_PROBLEM:_
Your task is to output the listing exactly, leaving every image out.

_DATA RECORDS:_
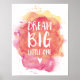 Dream Big Little One Kids watercolor poster pint features fun modern hand written typography. Great art for a kids bedroom or playroom.
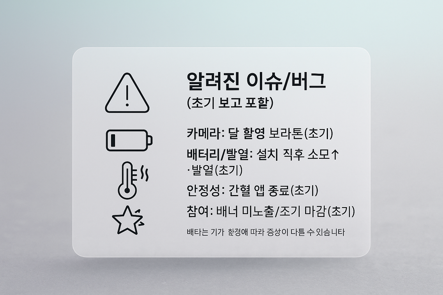 • 배터리/발열: 베타 설치 직후 소모 증가·발열 보고 (초기 보고)
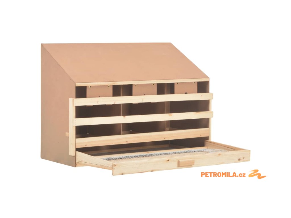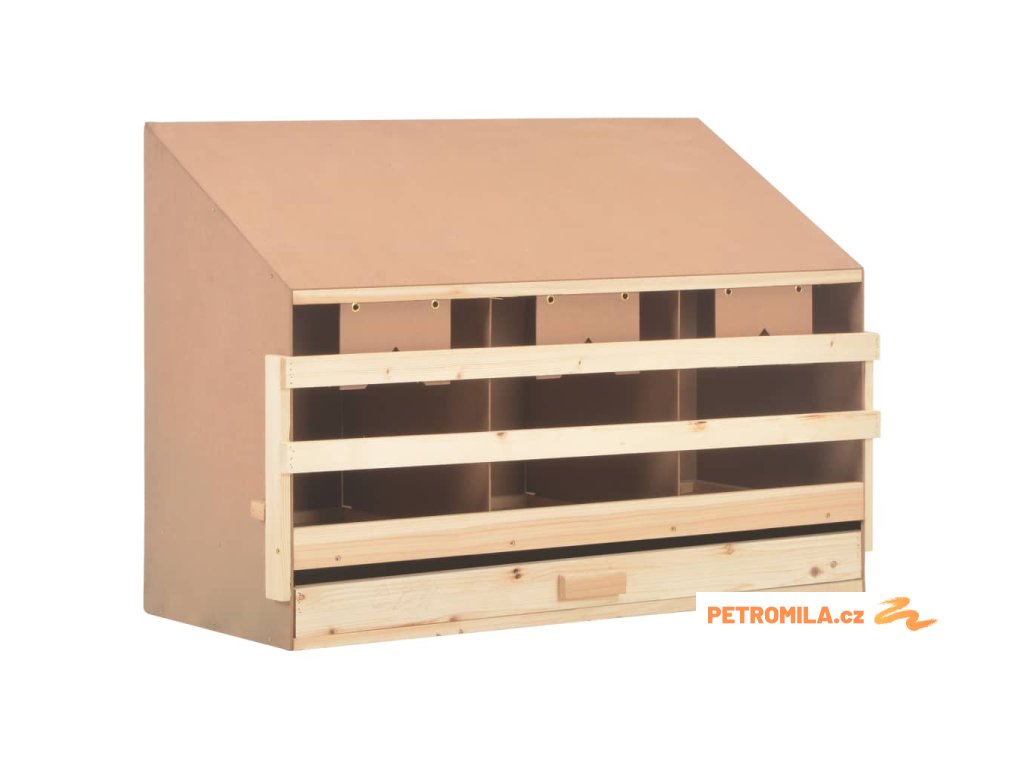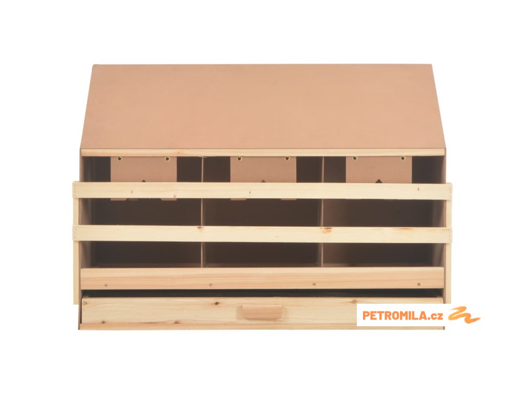 Tři prostorné boxy jsou určené pro 3 velké slepice, které se zde mohou pohodlně uvelebit a snášet vejce. Vejce šetrně padají skrz otvory v podlaze do spodní zásuvky, což usnadňuje jejich sbírání. Vysouvací dno umožňuje jednoduché čištění. Hřady lze složit, abyste zabránili nočnímu hnízdění. Šikmá střecha slepicím znesnadňuje přizvednout se ve snáškovém hnízdě a kontaminovat vejce. V našem obchodě najdete rovněž snášková hnízda s plochou střechou.
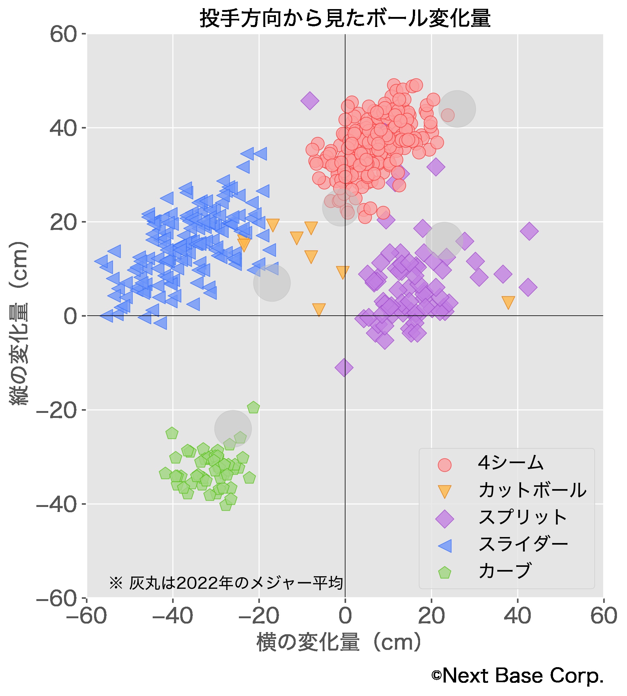大谷の変化量の特徴として、カット気味に動く4シーム・メジャー平均に比べて大きく横に曲がるブーメラン系のスライダーが挙げられる。各球種のボール変化量を昨シーズンのものと比較すると、大きな差異がないことがわかる(図1・2)。しかし、変化量を維持しつつ、球速が昨シーズンよりも速くなっているため、打者はより判断が困難になるだろう。
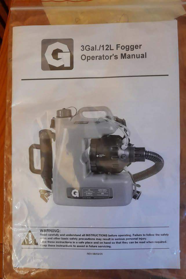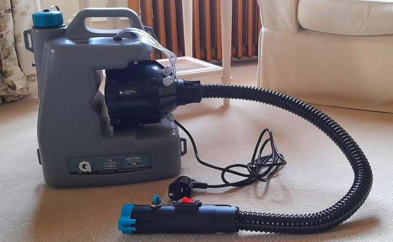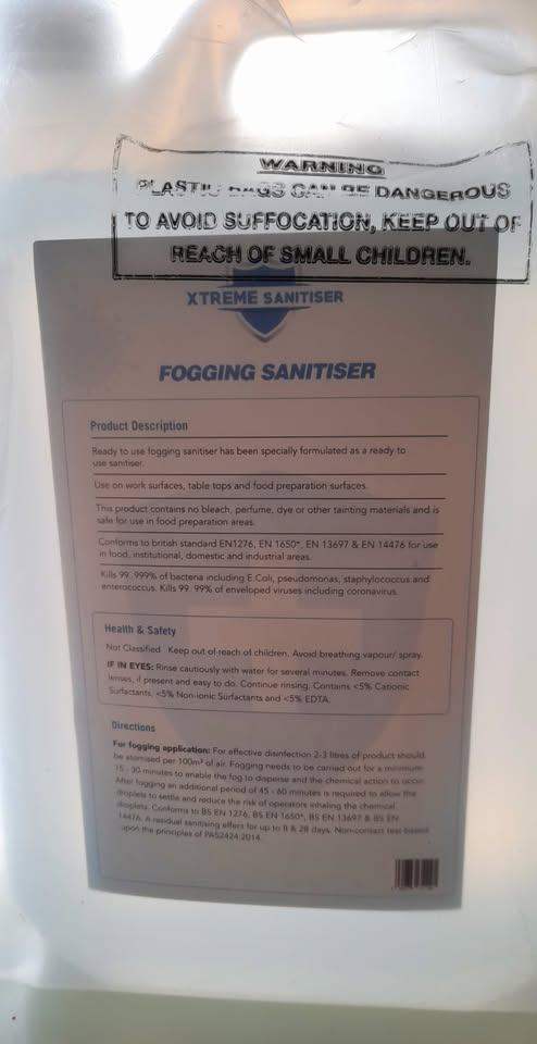 Sanitising Fogger Machine - 12 litre capacity, sale includes backpack carry kit and approximately 8 Litres of Antiviral Sanitising Solution. (Please note the 5 litre V2 Antiviral Disinfectant bottle has been opened, but is still approx 3/4 full. The other 5 litre bottle is unopened and full.) Ideal for sanitising Self-Catering Holiday Accommodation, Guest House or B&B or vehicles. Sanitises rooms in a few minutes. The machine has only been used a few times, selling due to retirement.
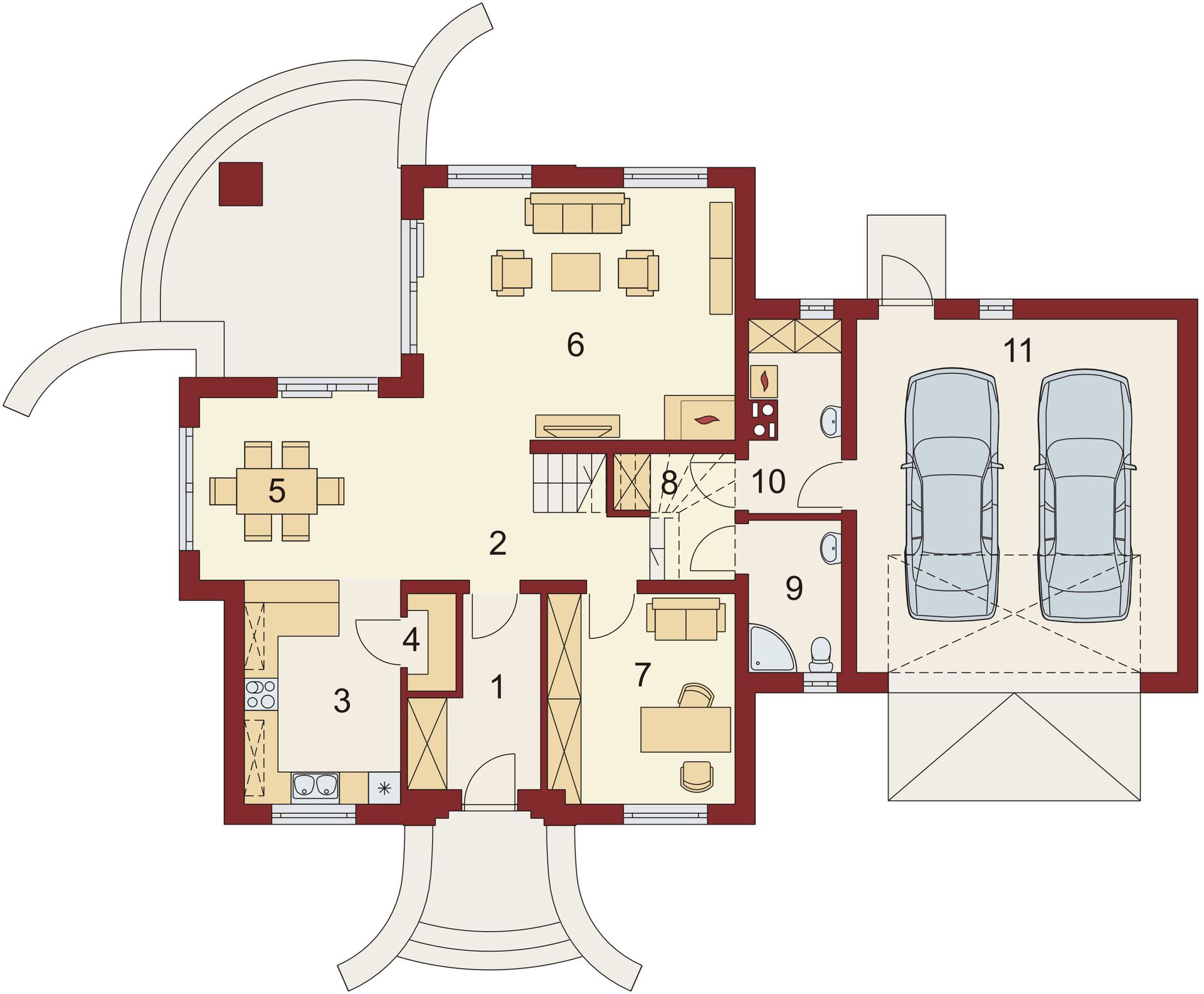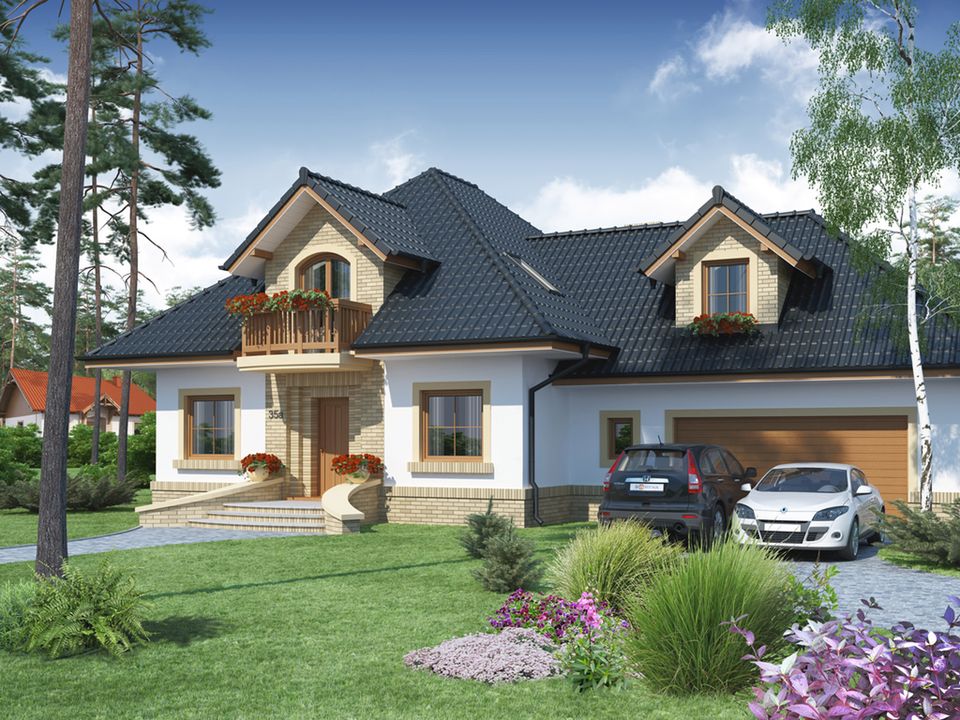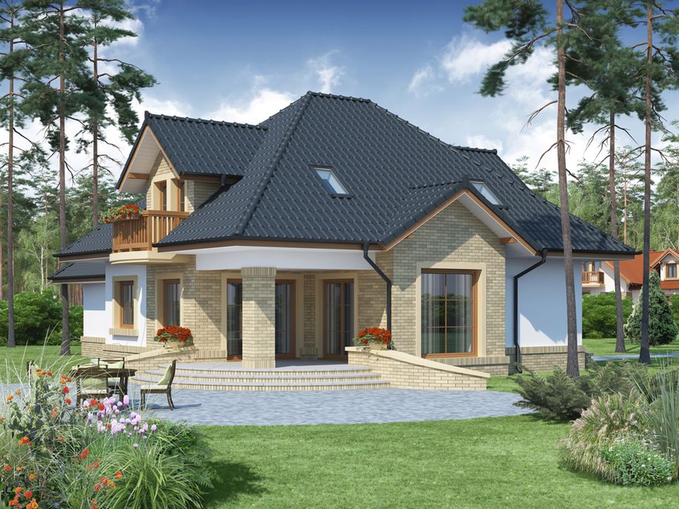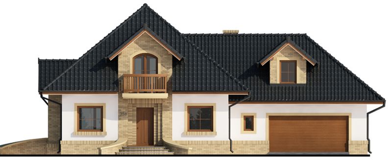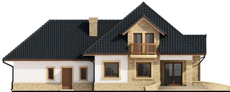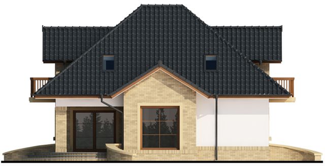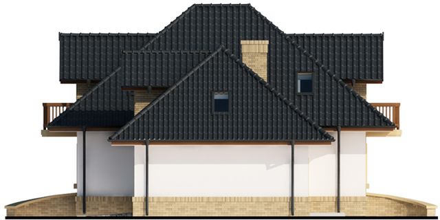 Graficzne opracowanie rzutów poglądowych widocznych na karcie projektu zostało wykonane przez Extradom.pl. Prezentowane przez Extradom.pl wizualizacje wykonane zostały przez autora projektu i należy poczytywać je jedynie za przykład i propozycję wykończenia, wizję architektoniczną autora projektu. Ostateczne wykończenie budynku może nastąpić na wiele sposobów. Szczegółowe rozwiązania zastosowane w oferowanej dokumentacji - w tym również ilość, lokalizacje i wygląd okien, drzwi, kominów - mogą w niewielkim stopniu różnić się od prezentowanej wizualizacji budynku.

_REPLY:_
 Dream Big Little One Kids watercolor poster pint features fun modern hand written typography. Great art for a kids bedroom or playroom.
 • 배터리/발열: 베타 설치 직후 소모 증가·발열 보고 (초기 보고)
 Tři prostorné boxy jsou určené pro 3 velké slepice, které se zde mohou pohodlně uvelebit a snášet vejce. Vejce šetrně padají skrz otvory v podlaze do spodní zásuvky, což usnadňuje jejich sbírání. Vysouvací dno umožňuje jednoduché čištění. Hřady lze složit, abyste zabránili nočnímu hnízdění. Šikmá střecha slepicím znesnadňuje přizvednout se ve snáškovém hnízdě a kontaminovat vejce. V našem obchodě najdete rovněž snášková hnízda s plochou střechou.
大谷の変化量の特徴として、カット気味に動く4シーム・メジャー平均に比べて大きく横に曲がるブーメラン系のスライダーが挙げられる。各球種のボール変化量を昨シーズンのものと比較すると、大きな差異がないことがわかる(図1・2)。しかし、変化量を維持しつつ、球速が昨シーズンよりも速くなっているため、打者はより判断が困難になるだろう。
 Sanitising Fogger Machine - 12 litre capacity, sale includes backpack carry kit and approximately 8 Litres of Antiviral Sanitising Solution. (Please note the 5 litre V2 Antiviral Disinfectant bottle has been opened, but is still approx 3/4 full. The other 5 litre bottle is unopened and full.) Ideal for sanitising Self-Catering Holiday Accommodation, Guest House or B&B or vehicles. Sanitises rooms in a few minutes. The machine has only been used a few times, selling due to retirement.
 Graficzne opracowanie rzutów poglądowych widocznych na karcie projektu zostało wykonane przez Extradom.pl. Prezentowane przez Extradom.pl wizualizacje wykonane zostały przez autora projektu i należy poczytywać je jedynie za przykład i propozycję wykończenia, wizję architektoniczną autora projektu. Ostateczne wykończenie budynku może nastąpić na wiele sposobów. Szczegółowe rozwiązania zastosowane w oferowanej dokumentacji - w tym również ilość, lokalizacje i wygląd okien, drzwi, kominów - mogą w niewielkim stopniu różnić się od prezentowanej wizualizacji budynku.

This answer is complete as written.